Let’s grab an image to do inference on

!wget https://huggingface.co/spaces/ibm-nasa-geospatial/Prithvi-100M-sen1floods11-demo/resolve/main/Spain_7370579_S2Hand.tif

!wget https://huggingface.co/spaces/ibm-nasa-geospatial/Prithvi-100M-sen1floods11-demo/resolve/main/India_900498_S2Hand.tif.tif

!wget https://github.com/cloudtostreet/Sen1Floods11/blob/master/sample/S1/Spain_7370579_S1Hand.tif

[15]:

# We will load and print the imge we want to do inference with
input_data_inference = load_raster("Spain_7370579_S2Hand.tif")
print(f"Image input shape is {input_data_inference.shape}")
raster_for_visualization = enhance_raster_for_visualization(input_data_inference)
plt.axis('off')
plt.imshow(raster_for_visualization)

img.shape:  (13, 512, 512)
Image input shape is (6, 512, 512)

[15]:

<matplotlib.image.AxesImage at 0x152dd56c4280>

../_images/CASESTUDY_foundation_model_IIASA2024_25_2.png

[16]:

# Let's take a look at the definition of the model's pipeline
custom_test_pipeline = process_test_pipeline(finetuned_model.cfg.data.test.pipeline)
print('custom_test_pipeline: ',custom_test_pipeline)
result = inference_segmentor(finetuned_model, "Spain_7370579_S2Hand.tif", custom_test_pipeline=custom_test_pipeline)

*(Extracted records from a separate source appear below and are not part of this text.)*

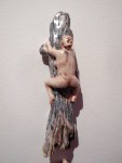 « Formée à la Rhode Island School of Design où elle découvre une multitude de supports, Laurie Karp expérimente diverses techniques à la sortie de ses études allant de la céramique à la peinture, en passant par la vidéo. Ayant le goût des hybridations dans ses formes autant que dans les techniques de création, elle mixe fréquemment ces modes d’expression au sein d’une même œuvre. Ainsi, imbriquant divers types d’images, elle peut combiner ses formes sculpturales avec des dessins ou vidéo. Dans le même esprit, elle associe image et textile : utilisant la technique traditionnelle de la broderie, elle crée des images numériques dont elle s’applique à suggérer les pixels à l’aiguille. Mais c’est à la céramique qu’elle revient le plus volontiers pour donner vie à un monde étrangement organique. Utilisant la richesse d’effet que permet l’émail, elle s’attache à évoquer la diversité des textures et des matières. Ce sont souvent des fragments anatomiques, lambeaux ou viscères, petites formes charnelles qui paraissent destinés à un festin barbare. La cruauté n’est jamais loin.
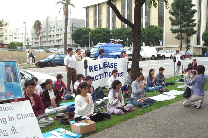 【明慧网2001年11月22日】得悉有三十多名来自十二个国家的西人法轮功学员20日下午(北京时间)在天安门广场为被中国政府镇压的法轮功请愿而遭到拘留,洛杉矶大法弟子于当地时间11月20日下午两点在中国驻洛杉矶总领馆前紧急召开新闻发布会,向中西方媒体披露这一事件,同时宣读了一位来自当地的一名美籍和以色列籍的大学一年级学生的声明,并要求中国立即释放被拘留的西方法轮功学员。
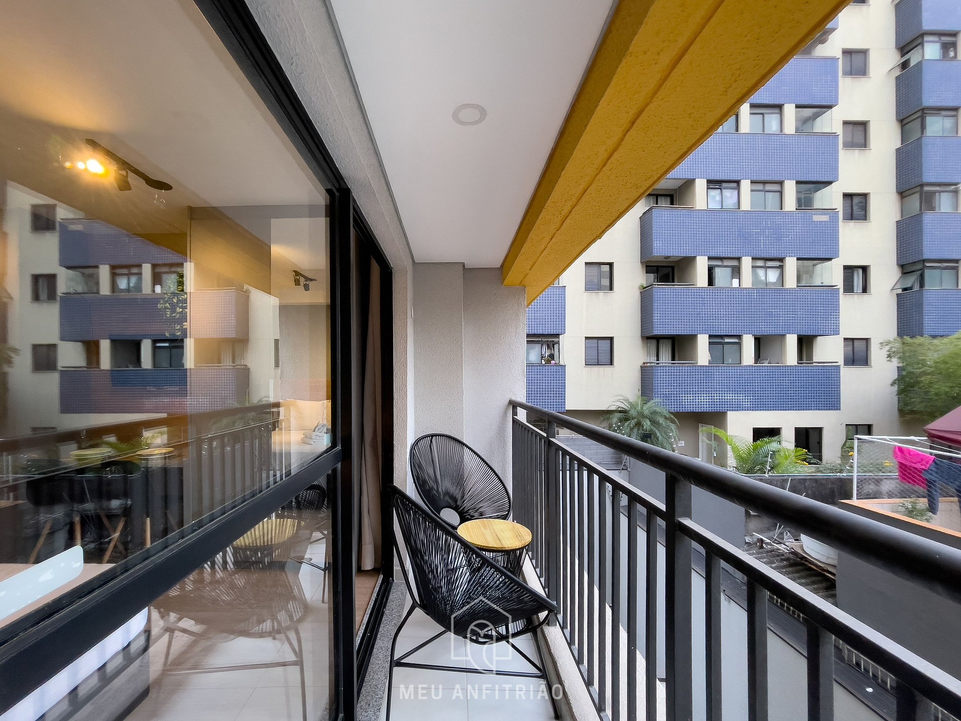 A varanda é separada por uma porta de vidro com cortinas blackout e oferece uma mesa com cadeiras, ideal para aproveitar a vista com conforto.
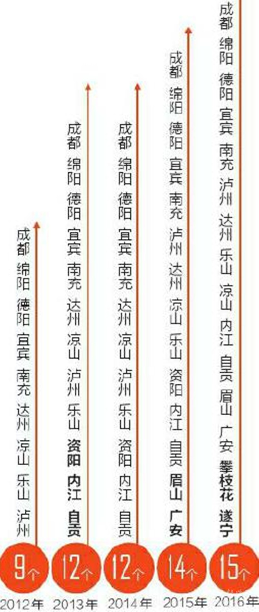 2012年,全省GDP過千億的市州只有9個,到2016年已經(jīng)達到15個。除成都外,14個市州都在1000億元到2000億元之間,相鄰兩個市州的平均差距只有60億元左右,最大差距不到100億元,最小差距只有1億多元。
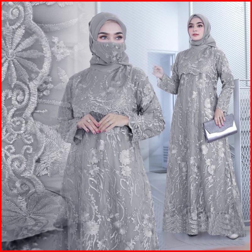 Maxi Sonaya S M L Xl Xxl Full Tile Mutiara Gamis Kondangan Gamis Pesta Gamis Brukat
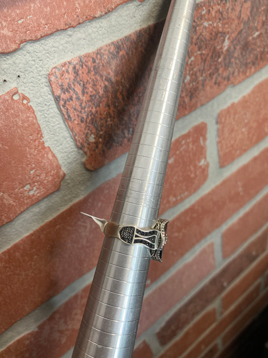 .925 Sterling Silver Onyx Gemstone Studded Ring Sz 11

custom_test_pipeline:  [{'type': 'LoadGeospatialImageFromFile', 'to_float32': False, 'nodata': -9999, 'nodata_replace': 0}, {'type': 'BandsExtract', 'bands': [1, 2, 3, 8, 11, 12]}, {'type': 'ConstantMultiply', 'constant': 0.0001}, {'type': 'ToTensor', 'keys': ['img']}, {'type': 'TorchPermute', 'keys': ['img'], 'order': (2, 0, 1)}, {'type': 'TorchNormalize', 'means': [0.14245495, 0.13921481, 0.12434631, 0.31420089, 0.20743526, 0.12046503], 'stds': [0.04036231, 0.04186983, 0.05267646, 0.0822221, 0.06834774, 0.05294205]}, {'type': 'Reshape', 'keys': ['img'], 'new_shape': (6, 1, -1, -1), 'look_up': {'2': 1, '3': 2}}, {'type': 'CastTensor', 'keys': ['img'], 'new_type': 'torch.FloatTensor'}, {'type': 'CollectTestList', 'keys': ['img'], 'meta_keys': ['img_info', 'filename', 'ori_filename', 'img', 'img_shape', 'ori_shape', 'pad_shape', 'scale_factor', 'img_norm_cfg']}]

[17]:

# The output of the model is a binary mask of same size of the input image
print('result[0].shape: ',result[0].shape)

result[0].shape:  (512, 512)

[18]:

# Let's take a look at the model's prediction
fig, ax = plt.subplots(1, 3, figsize=(15, 10))
input_data_inference = load_raster("Spain_7370579_S2Hand.tif")
norm = matplotlib.colors.Normalize(vmin=0, vmax=1)
ax[0].imshow(enhance_raster_for_visualization(input_data_inference))
ax[1].imshow(result[0], norm=norm)
ax[2].imshow(enhance_raster_for_visualization(input_data_inference))
norm = matplotlib.colors.Normalize(vmin=0, vmax=2)
ax[2].imshow(result[0], cmap="jet", alpha=0.3, norm=norm)
for subplot in ax:
    subplot.axis('off')

img.shape:  (13, 512, 512)

../_images/CASESTUDY_foundation_model_IIASA2024_28_1.png

[19]:

# Inference with a second image
filename = "USA_430764_S2Hand.tif"
input_data_inference = load_raster(filename)
print(f"Image input shape is {input_data_inference.shape}")

raster_for_visualization = enhance_raster_for_visualization(input_data_inference)
plt.axis('off')
plt.imshow(raster_for_visualization)
# adapt this pipeline for Tif files with > 3 images
custom_test_pipeline = process_test_pipeline(finetuned_model.cfg.data.test.pipeline)
print('custom_test_pipeline: ',custom_test_pipeline)
result = inference_segmentor(finetuned_model, filename, custom_test_pipeline=custom_test_pipeline)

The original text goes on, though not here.